# PROBLEM TO WORK ON
The listing below holds pictures; exclude them. Return exactly the lines from the one with "関節の可動域を制限する器具や" through the one with "Draußen erwartet dich".

# GIVEN ENTRIES

[Start of section]

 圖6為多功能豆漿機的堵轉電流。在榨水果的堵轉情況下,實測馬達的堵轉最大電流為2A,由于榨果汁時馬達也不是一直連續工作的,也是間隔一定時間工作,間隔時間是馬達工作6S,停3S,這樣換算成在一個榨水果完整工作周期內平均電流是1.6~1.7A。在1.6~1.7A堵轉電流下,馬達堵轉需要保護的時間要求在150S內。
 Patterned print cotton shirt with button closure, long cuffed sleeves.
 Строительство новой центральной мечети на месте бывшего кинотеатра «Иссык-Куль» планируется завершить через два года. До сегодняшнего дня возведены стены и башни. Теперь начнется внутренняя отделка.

[End of section]
[Start of section]

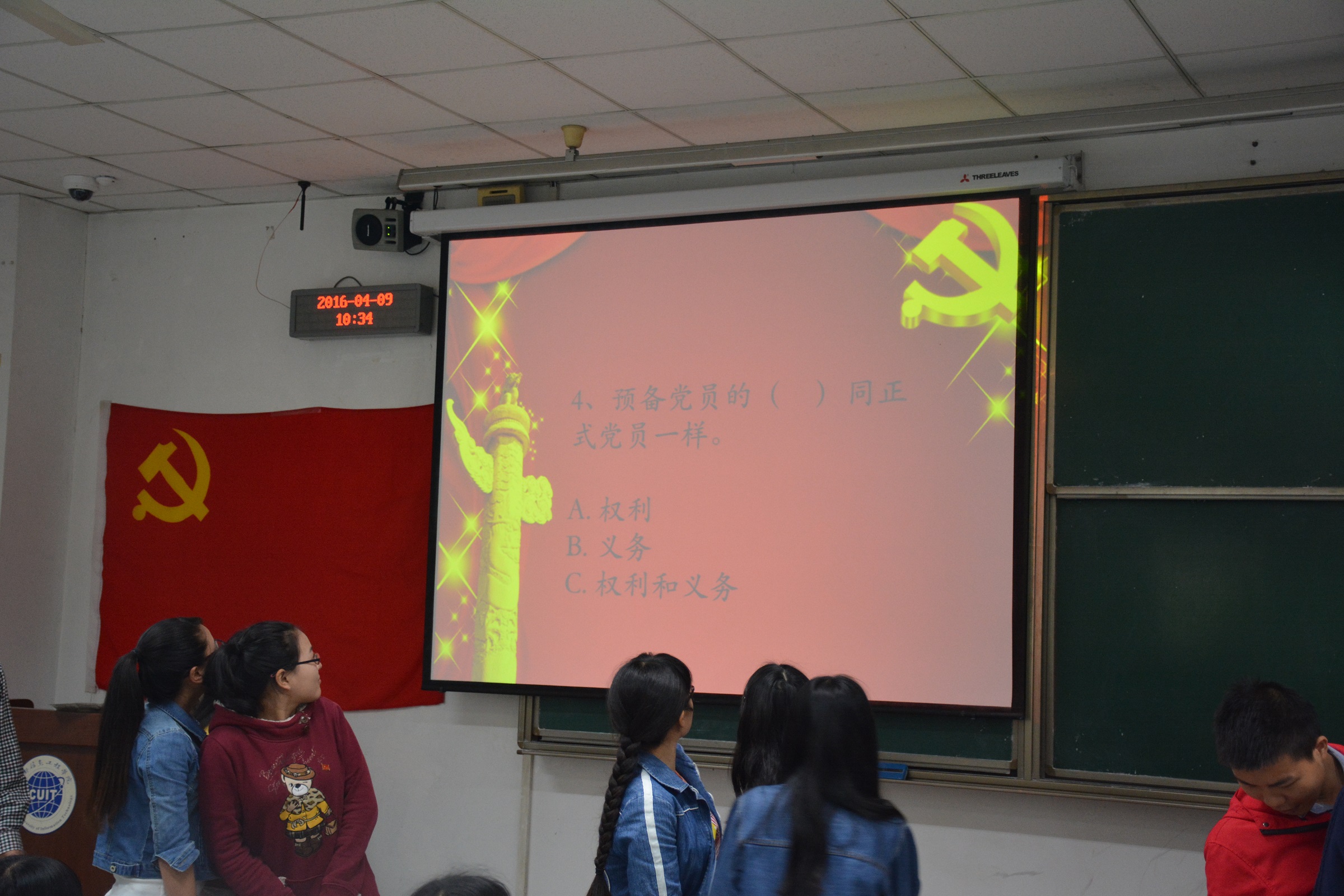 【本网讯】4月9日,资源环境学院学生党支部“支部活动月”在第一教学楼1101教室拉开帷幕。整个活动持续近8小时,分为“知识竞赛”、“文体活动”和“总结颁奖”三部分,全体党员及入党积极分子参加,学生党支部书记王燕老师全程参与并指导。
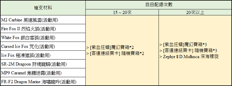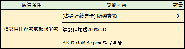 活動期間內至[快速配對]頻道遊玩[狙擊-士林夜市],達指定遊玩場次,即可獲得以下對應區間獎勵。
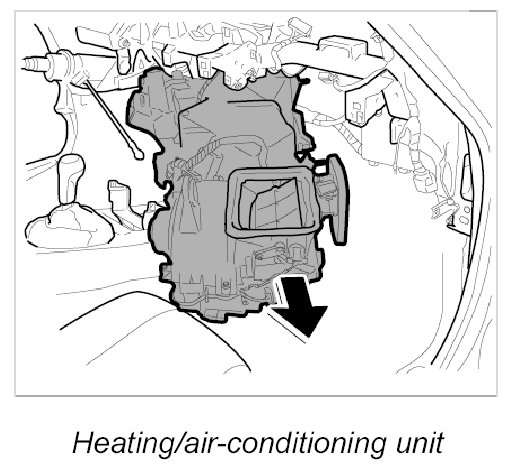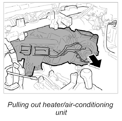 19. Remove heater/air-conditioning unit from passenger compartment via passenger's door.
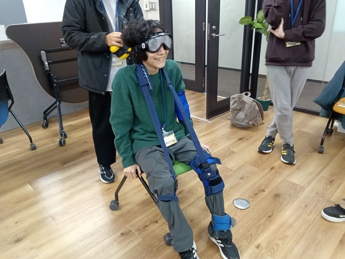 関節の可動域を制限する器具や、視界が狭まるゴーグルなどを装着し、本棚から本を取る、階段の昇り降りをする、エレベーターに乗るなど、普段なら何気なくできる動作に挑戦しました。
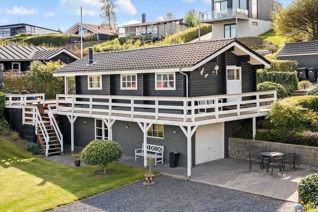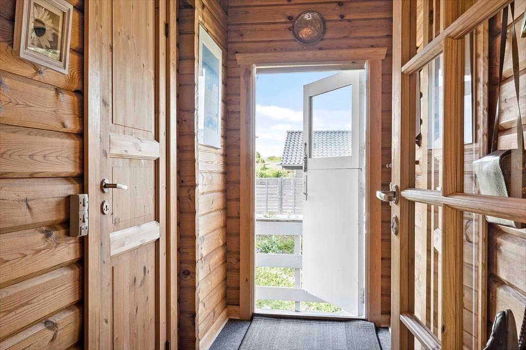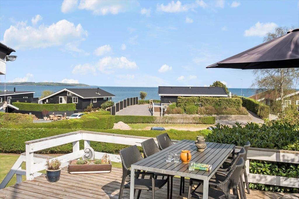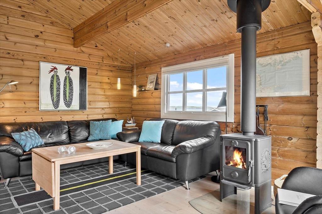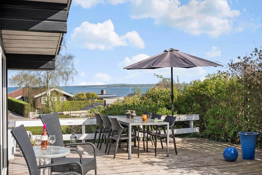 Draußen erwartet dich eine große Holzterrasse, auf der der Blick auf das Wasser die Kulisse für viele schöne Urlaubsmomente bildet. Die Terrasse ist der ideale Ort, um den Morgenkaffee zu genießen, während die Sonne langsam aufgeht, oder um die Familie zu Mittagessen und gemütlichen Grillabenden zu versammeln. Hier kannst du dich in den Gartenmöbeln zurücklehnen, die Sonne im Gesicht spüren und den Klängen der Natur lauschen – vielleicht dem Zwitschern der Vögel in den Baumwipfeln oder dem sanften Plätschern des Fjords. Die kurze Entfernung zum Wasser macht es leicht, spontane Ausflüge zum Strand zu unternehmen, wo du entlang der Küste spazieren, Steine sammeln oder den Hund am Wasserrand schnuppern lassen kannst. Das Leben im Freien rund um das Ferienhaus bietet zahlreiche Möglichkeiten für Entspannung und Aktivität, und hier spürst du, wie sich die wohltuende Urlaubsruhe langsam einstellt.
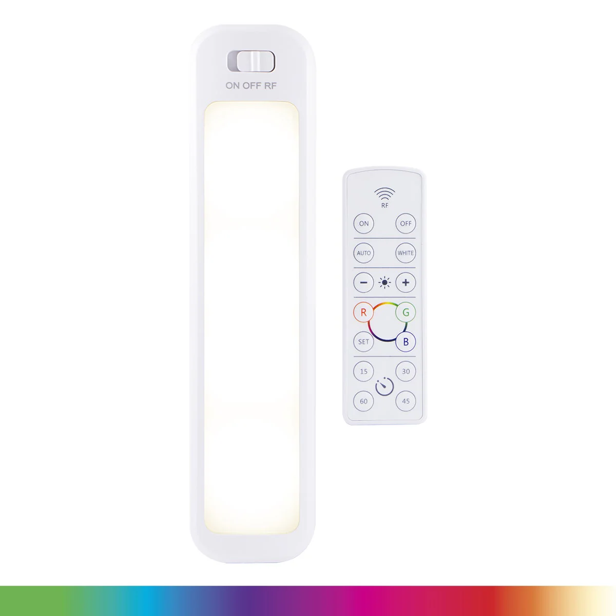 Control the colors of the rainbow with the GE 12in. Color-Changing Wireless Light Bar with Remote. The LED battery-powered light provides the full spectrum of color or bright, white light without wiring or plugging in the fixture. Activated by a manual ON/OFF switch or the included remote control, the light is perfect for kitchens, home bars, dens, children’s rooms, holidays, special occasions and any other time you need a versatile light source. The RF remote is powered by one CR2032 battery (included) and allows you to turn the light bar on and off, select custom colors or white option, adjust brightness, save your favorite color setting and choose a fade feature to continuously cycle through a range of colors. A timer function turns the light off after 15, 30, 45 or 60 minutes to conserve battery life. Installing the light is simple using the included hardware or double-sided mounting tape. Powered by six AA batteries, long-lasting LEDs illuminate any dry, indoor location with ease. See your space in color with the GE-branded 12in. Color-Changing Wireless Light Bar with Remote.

[End of section]

# WORKED SOLUTION
 関節の可動域を制限する器具や、視界が狭まるゴーグルなどを装着し、本棚から本を取る、階段の昇り降りをする、エレベーターに乗るなど、普段なら何気なくできる動作に挑戦しました。
 Draußen erwartet dich eine große Holzterrasse, auf der der Blick auf das Wasser die Kulisse für viele schöne Urlaubsmomente bildet. Die Terrasse ist der ideale Ort, um den Morgenkaffee zu genießen, während die Sonne langsam aufgeht, oder um die Familie zu Mittagessen und gemütlichen Grillabenden zu versammeln. Hier kannst du dich in den Gartenmöbeln zurücklehnen, die Sonne im Gesicht spüren und den Klängen der Natur lauschen – vielleicht dem Zwitschern der Vögel in den Baumwipfeln oder dem sanften Plätschern des Fjords. Die kurze Entfernung zum Wasser macht es leicht, spontane Ausflüge zum Strand zu unternehmen, wo du entlang der Küste spazieren, Steine sammeln oder den Hund am Wasserrand schnuppern lassen kannst. Das Leben im Freien rund um das Ferienhaus bietet zahlreiche Möglichkeiten für Entspannung und Aktivität, und hier spürst du, wie sich die wohltuende Urlaubsruhe langsam einstellt.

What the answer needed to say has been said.